■ **ABOUT THIS TASK**:
For this exercise, restate word for word only the lines from the one containing "H509 x W326" through the last line below. Pictures do not get copied.

■ **GIVEN DATA**:
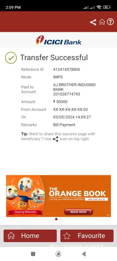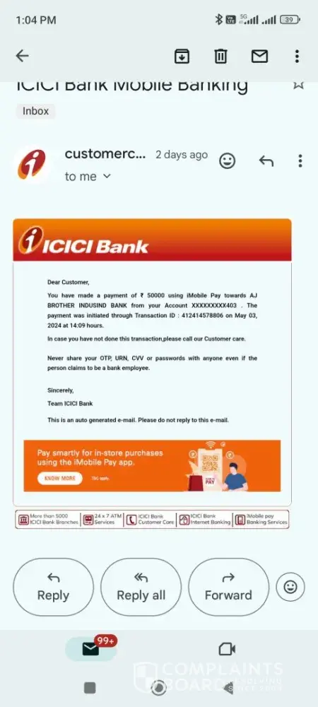 I did a payment of INR 50000 on 03.05.2024 but after some time I got a notification saying Deposit rejected in the amount of INR 50000 via epayment (Rejected) I tried to connect customer care by using the online chat and calling facilities, but every time when I call them ended up with giving fake promises saying that the problem will resolve within one...
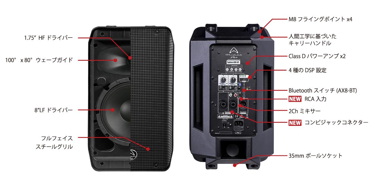 H509 x W326 x D310mmというコンパクトなサイズながら定格720Wピーク1440Wの出力を供給します。Bluetoothでスマホなどと接続して音楽を鳴らすことも可能。ステレオRCA入力が搭載され、外部音源と有線でも接続可能。XLR / 6.3mmジャックが使用可能なコンビジャックコネクターが両方の入力チャンネルに使用されています。頼れる1台。
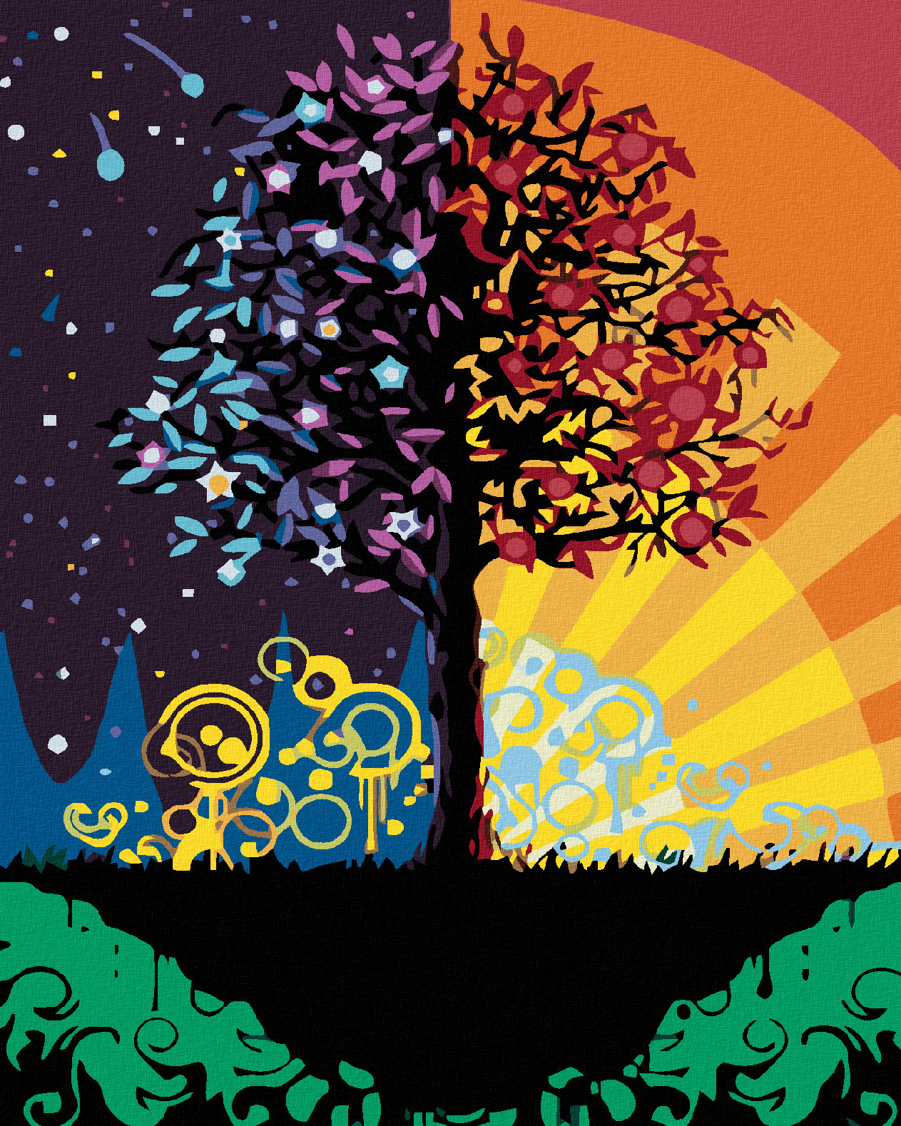 Malování podle čísel - BAREVNÝ STROM - 40x50 cm, bez rámu a bez vypnutí plátna

■ **ANSWER TO THIS EXERCISE**:
 H509 x W326 x D310mmというコンパクトなサイズながら定格720Wピーク1440Wの出力を供給します。Bluetoothでスマホなどと接続して音楽を鳴らすことも可能。ステレオRCA入力が搭載され、外部音源と有線でも接続可能。XLR / 6.3mmジャックが使用可能なコンビジャックコネクターが両方の入力チャンネルに使用されています。頼れる1台。
 Malování podle čísel - BAREVNÝ STROM - 40x50 cm, bez rámu a bez vypnutí plátna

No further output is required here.